I am suspecting it could be some modifications to libraries that I've updated, not to mention in the meanwhile I've updated to GHC 7.6 from 7.4 (and if anybody knows if some laziness behavior has changed I would greatly appreciate it!).
I have an older executable of this code that does not have this bug and thus I wonder if there are any tools to tell me the library versions I was linking to from before? Like if it can figure out the symbols, etc.

GHC creates executables, which are notoriously hard to understand... On my Linux box I can view the assembly code by typing in
objdump -d <executable filename>
but I get back over 100K lines of code from just a simple "Hello, World!" program written in Haskell.
If you happen to have the GHC .hi files, you can get some information about the executable by typing in
ghc --show-iface <hi filename>
This won't give you the assembly code, but you can get some extra information that may prove useful.
As I mentioned in the comment above, on Linux you can use "ldd" to see what C-system libraries you used in the compile, but that is also probably less than useful.
You can try to use a disassembler, but those are generally written to disassemble to C, not anything higher level and certainly not Haskell. That being said, GHC compiles to C as an intermediary (at least it used to; has that changed?), so you might be able to learn something.
Personally I often find view system calls in action much more interesting than viewing pure assembly. On my Linux box, I can view all system calls by running using strace (use Wireshark for the network traffic equivalent):
strace <program executable>
This also will generate a lot of data, so it might only be useful if you know of some specific place where direct real world communication (i.e., changes to a file on the hard disk drive) goes wrong.
In all honesty, you are probably better off just debugging the problem from source, although, depending on the actual problem, some of these techniques may help you pinpoint something.
Most of these tools have Mac and Windows equivalents.

Since much has changed in the last 9 years, and apparently this is still the first result a search engine gives on this question (like for me, again), an updated answer is in order:
First of all, yes, while Haskell does not specify a bytecode format, bytecode is also just a kind of machine code, for a virtual machine. So for the rest of the answer I will treat them as the same thing.
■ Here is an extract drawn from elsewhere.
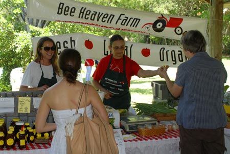 And to complete the circle of eating local, two local growers and one vendor — Bee Heaven Farm, G.R.O.W. and Seriously Organic — brought fruits and veggies, sprouts, eggs and honey.
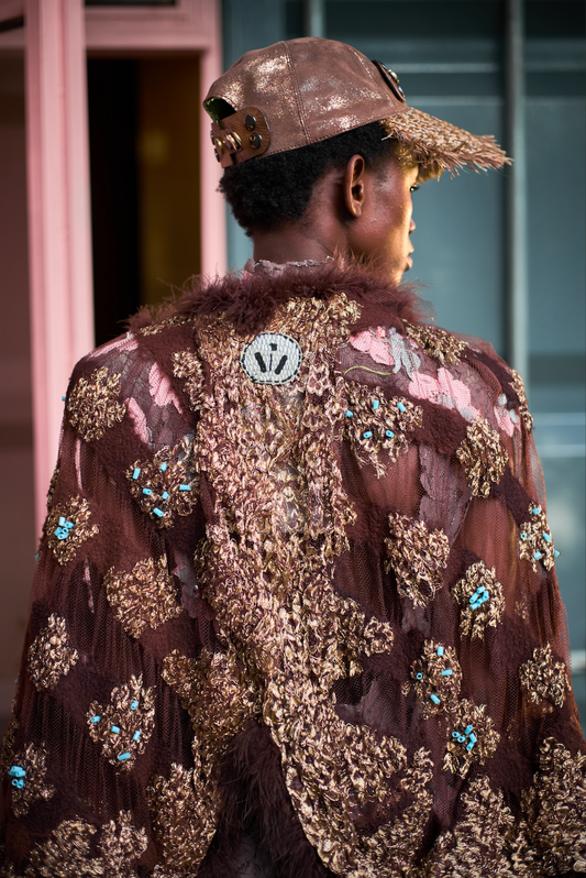 Hand-Felted Lace with Maribou Feathers and Hand-Beaded Shawl

The “Core“ as well as the LLVM intermediate language, or even WASM could be considered equivalent too.
Secondly, if your old binary is statically linked, then of course, no matter the format your program is in, no symbols will be available to check out. Because that is what linking does. Even with bytecode, and even with just classic static #include in simple languages. So your old binary will be no good, no matter what. And given the optimisations compilers do, a classic decompiler will very likely never be able to figure out what optimised bits used to be partially what libraries. Especially with stream fusion and such “magic”.
Third, you can do the things you asked with a modern Haskell program. But you need to have your binaries compiled with -dynamic and -rdynamic, So not only the C-calling-convention libraries (e.g. .so), and the Haskell libraries, but also the runtime itself is dynamically loaded. That way you end up with a very small binary, consisting of only your actual code, dynamic linking instructions, and the exact data about what libraries and runtime were used to build it. And since the runtime is compiler-dependent, you will know the compiler too. So it would give you everything you need, but only if you compiled it right. (I recommend using such dynamic linking by default in any case as it saves memory.)
The last factor that one might forget, is that even the exact same compiler version might behave vastly differently, depending on what IT was compiled with. (E.g. if somebody put a backdoor in the very first version of GHC, and all GHCs after that were compiled with that first GHC, and nobody ever checked, then that backdoor could still be in the code today, with no traces in any source or libraries whatsoever. … Or for a less extreme case, that version of GHC your old binary was built with might have been compiled with different architecture options, leading to it putting more optimised instructions into the binaries it compiles for unless told to cross-compile.)
Finally, of course, you can profile even compiled binaries, by profiling their system calls. This will give you clues about which part of the code acted differently and how. (E.g. if you notice that your new binary floods the system with some slow system calls where the old one just used a single fast one. A classic OpenGL example would be using fast display lists versus slow direct calls to draw triangles. Or using a different sorting algorithm, or having switched to a different kind of data structure that fits your work load badly and thrashes a lot of memory.)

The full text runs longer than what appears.